Exercise requirements
From the first line of the listing below through the line with "Okrągła cukiernica z", transcribe exactly and skip the pictures.

Information shown
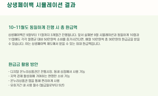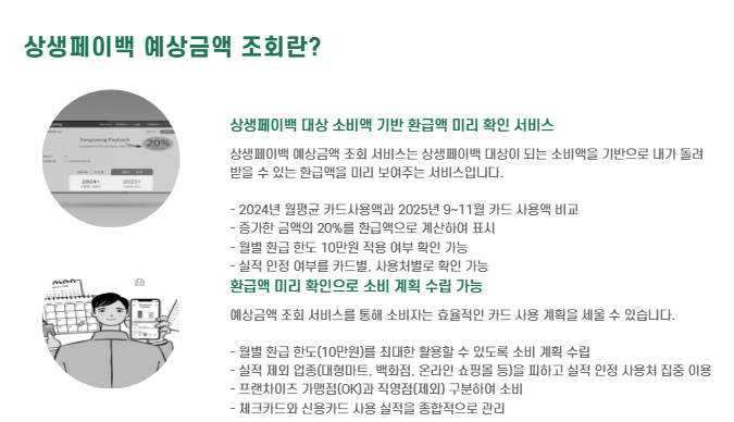 예상금액 조회는 상생페이백 대상이 되는 소비액을 기반으로 내가 돌려받을 수 있는 환급액을 미리 보여주는 서비스입니다.
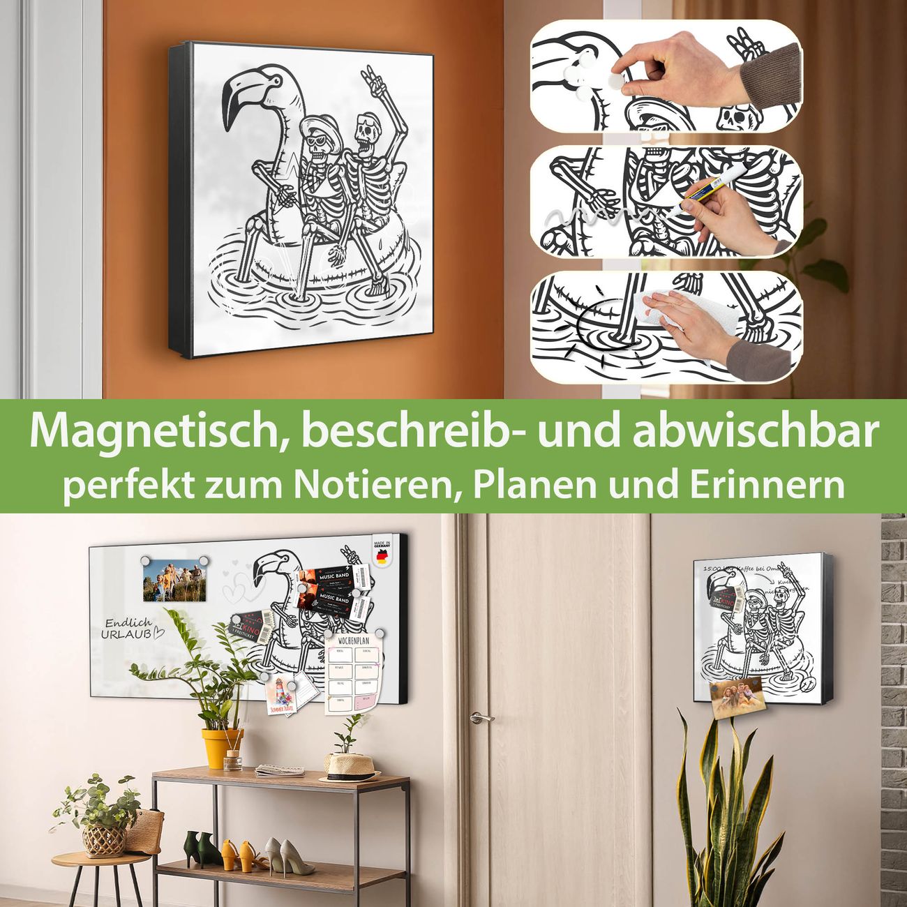 Bringe Ordnung und Eleganz in deinen Eingangsbereich mit dem banjado Schlüsselkasten Motiv Motiv Skelette mit Flamingoschwimmring 2. Die moderne Schlüsselbox kombiniert funktionales Design mit hochwertiger Verarbeitung und wird so zu einem echten Hingucker in Flur, Büro oder Ferienwohnung. ✅ Stilvolle Schlüsselaufbewahrung mit Motiv Motiv Skelette mit Flamingoschwimmring 2 Der Design-Schlüsselkasten Motiv Motiv Skelette mit Flamingoschwimmring 2 bietet Platz für bis zu 32 Schlüssel, die auf 4 stabilen Reihen mit je 8 Haken übersichtlich verstaut werden. Mit seinen kompakten Maßen von 30 x 30 x 5 cm passt die Schlüsselbox perfekt auch in kleinere Räume. Der schwarz lackierte Stahlkorpus mit rechts angeschlagenem Türscharnier harmoniert mit gedruckten Folie auf der Front und fügt sich nahtlos in jedes Wohnambiente ein. Ob als Schlüsselorganizer für Zuhause oder als praktische Lösung für Büros, Praxen und Gewerbe, der banjado Schlüsselkasten sorgt für Ordnung und Übersicht. Dank der magnetischen, mit Kreidestiften beschreibbaren Folie auf der Front kannst du Notizen anheften oder Termine direkt auf der Oberfläche festhalten. Die Schlüsselbox Motiv Motiv Skelette mit Flamingoschwimmring 2 zur Wandmontage wird inklusive Befestigungsmaterial geliefert und ist schnell angebracht. So hast du deine Schlüssel jederzeit griffbereit und zugleich stilvoll verstaut. Mit diesem banjado Schlüsselkasten Motiv Motiv Skelette mit Flamingoschwimmring 2 kombinierst du praktische Aufbewahrung mit stilvollem Wohndesign. Ob privat oder geschäftlich, die Schlüsselbox sorgt für mehr Ordnung, Übersicht und ein wohnliches Ambiente.Vorteile im Überblick
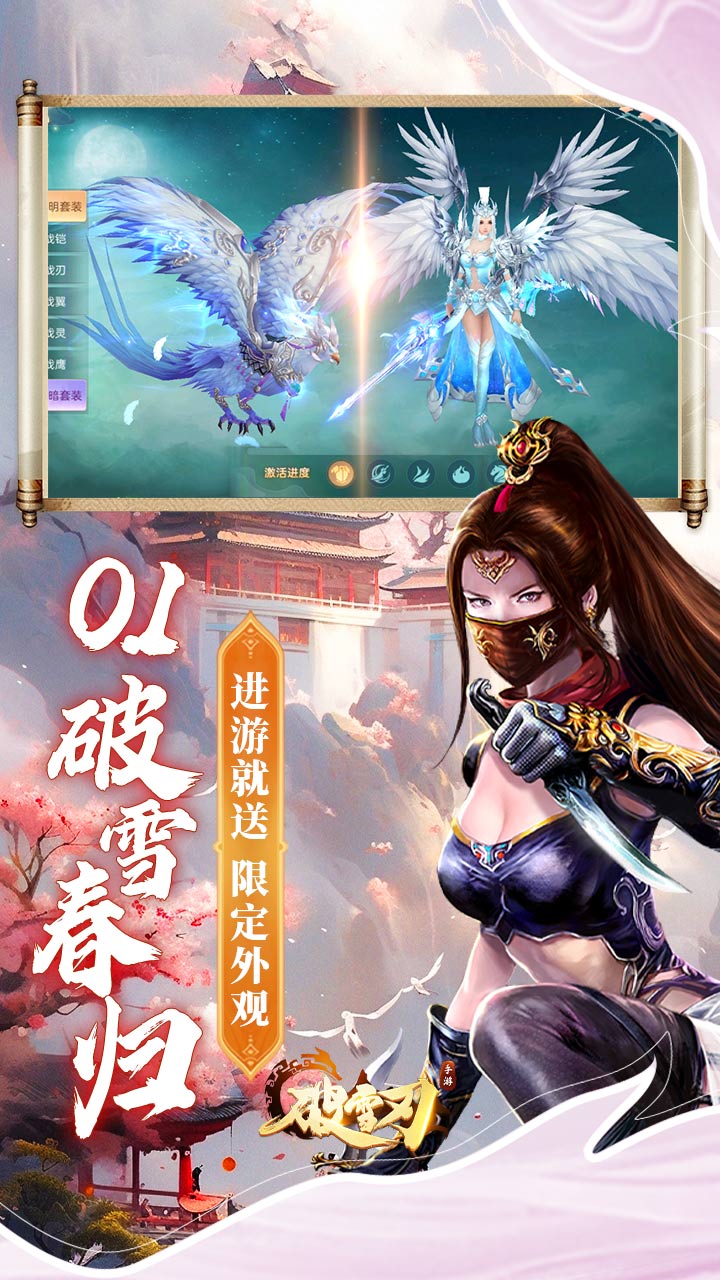 《破雪刃》是一款开放世界高自由度的MMO手游! 0.1折万元免费版,游戏内每日免费领10000代金!礼包码wy6480专属加赠:领取进入游戏内背包每日免费开1次6480! 白虹、邀月、灼颜、幽夜、地藏五大职业任君选择,红颜助战,变身天神,三界混沌,妖魔当道,成佛入魔,皆由你心,你是否能成为一方之主,制霸三界!
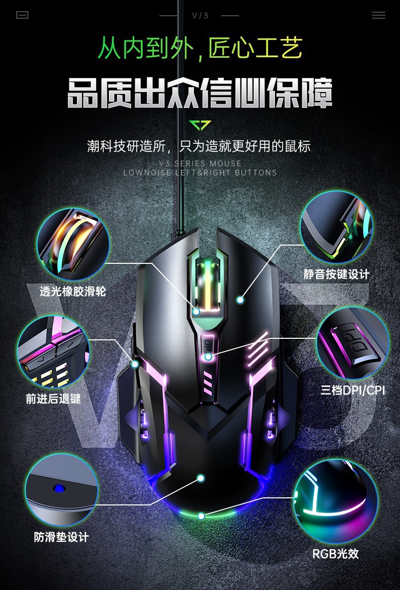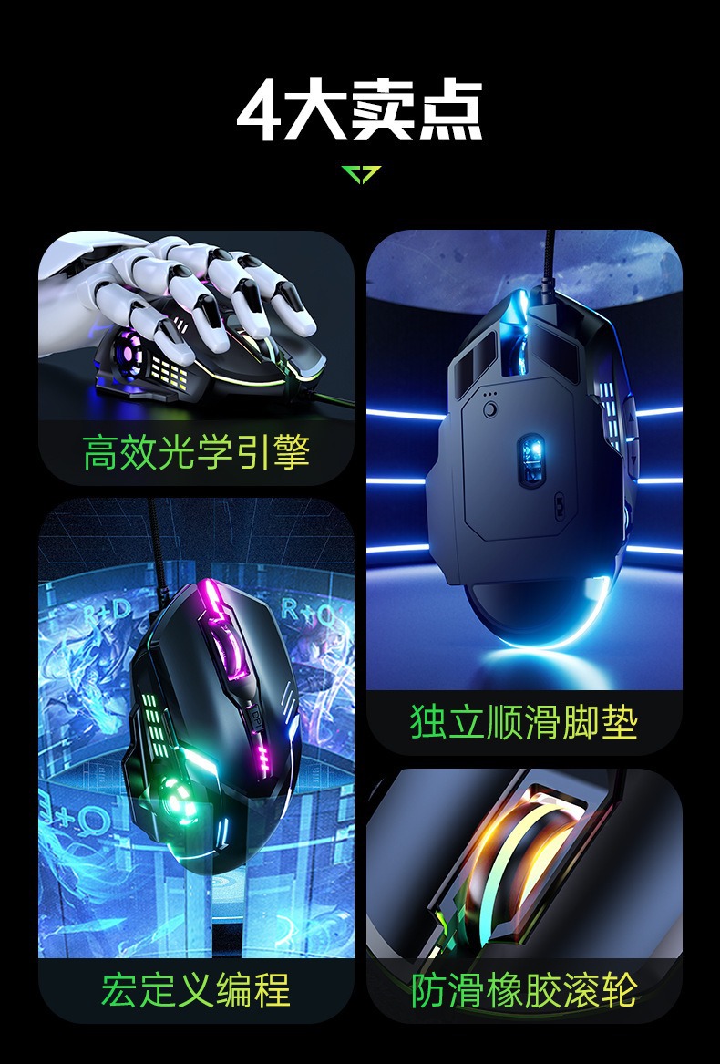 게임 유선 마우스 먹는 치킨 게임 마우스 6 키 매크로 정의 튠 DPI 빛나는 손가락 마우스 국경스토어 가기
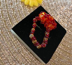 Anello realizzato con perline di colore rosso, giallo e arancione.
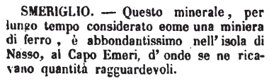 | Smeriglio - Questo minerale, per lungo tempo considerato come una miniera di ferro, è abbondantissimo nell'isola di Nasso, al Capo Emeri, d'onde se ne ricavano quantità ragguardevoli. [immagine] |
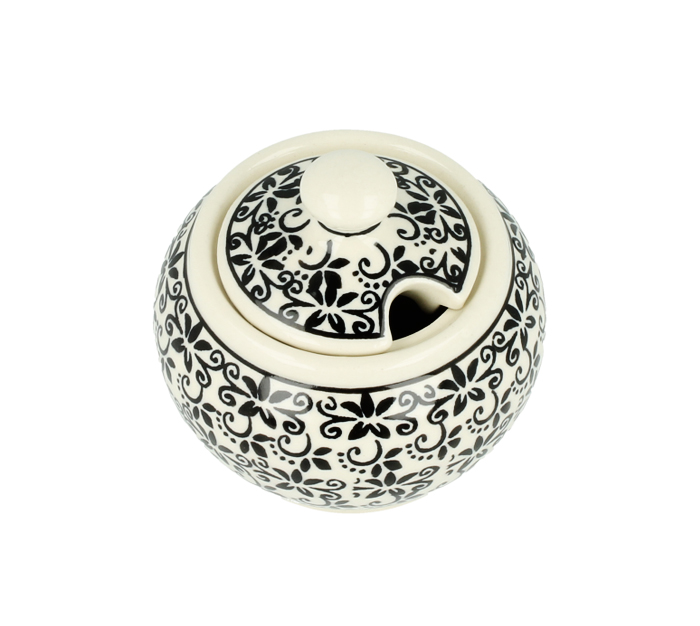 Okrągła cukiernica z otworem na łyżeczkę. Produkt ręcznie formowany i dekorowany w Zakładach Ceramicznych Bolesławiec.
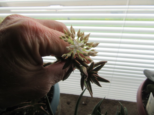 I brought a pot of sedum home from Lowe’s in 2012 whose label said Sedum glaucophyllum when I was living in Mississippi. Margrit Bischofberger of the International Crassulaceae Network said it was the incorrect name. I never did figure out what it actually was. It did great for a while but fizzled out later in the summer. I don’t have a page for this species because I don’t know exactly what it is…

Response to the task
 예상금액 조회는 상생페이백 대상이 되는 소비액을 기반으로 내가 돌려받을 수 있는 환급액을 미리 보여주는 서비스입니다.
 Bringe Ordnung und Eleganz in deinen Eingangsbereich mit dem banjado Schlüsselkasten Motiv Motiv Skelette mit Flamingoschwimmring 2. Die moderne Schlüsselbox kombiniert funktionales Design mit hochwertiger Verarbeitung und wird so zu einem echten Hingucker in Flur, Büro oder Ferienwohnung. ✅ Stilvolle Schlüsselaufbewahrung mit Motiv Motiv Skelette mit Flamingoschwimmring 2 Der Design-Schlüsselkasten Motiv Motiv Skelette mit Flamingoschwimmring 2 bietet Platz für bis zu 32 Schlüssel, die auf 4 stabilen Reihen mit je 8 Haken übersichtlich verstaut werden. Mit seinen kompakten Maßen von 30 x 30 x 5 cm passt die Schlüsselbox perfekt auch in kleinere Räume. Der schwarz lackierte Stahlkorpus mit rechts angeschlagenem Türscharnier harmoniert mit gedruckten Folie auf der Front und fügt sich nahtlos in jedes Wohnambiente ein. Ob als Schlüsselorganizer für Zuhause oder als praktische Lösung für Büros, Praxen und Gewerbe, der banjado Schlüsselkasten sorgt für Ordnung und Übersicht. Dank der magnetischen, mit Kreidestiften beschreibbaren Folie auf der Front kannst du Notizen anheften oder Termine direkt auf der Oberfläche festhalten. Die Schlüsselbox Motiv Motiv Skelette mit Flamingoschwimmring 2 zur Wandmontage wird inklusive Befestigungsmaterial geliefert und ist schnell angebracht. So hast du deine Schlüssel jederzeit griffbereit und zugleich stilvoll verstaut. Mit diesem banjado Schlüsselkasten Motiv Motiv Skelette mit Flamingoschwimmring 2 kombinierst du praktische Aufbewahrung mit stilvollem Wohndesign. Ob privat oder geschäftlich, die Schlüsselbox sorgt für mehr Ordnung, Übersicht und ein wohnliches Ambiente.Vorteile im Überblick
 《破雪刃》是一款开放世界高自由度的MMO手游! 0.1折万元免费版,游戏内每日免费领10000代金!礼包码wy6480专属加赠:领取进入游戏内背包每日免费开1次6480! 白虹、邀月、灼颜、幽夜、地藏五大职业任君选择,红颜助战,变身天神,三界混沌,妖魔当道,成佛入魔,皆由你心,你是否能成为一方之主,制霸三界!
 게임 유선 마우스 먹는 치킨 게임 마우스 6 키 매크로 정의 튠 DPI 빛나는 손가락 마우스 국경스토어 가기
 Anello realizzato con perline di colore rosso, giallo e arancione.
 | Smeriglio - Questo minerale, per lungo tempo considerato come una miniera di ferro, è abbondantissimo nell'isola di Nasso, al Capo Emeri, d'onde se ne ricavano quantità ragguardevoli. [immagine] |
 Okrągła cukiernica z otworem na łyżeczkę. Produkt ręcznie formowany i dekorowany w Zakładach Ceramicznych Bolesławiec.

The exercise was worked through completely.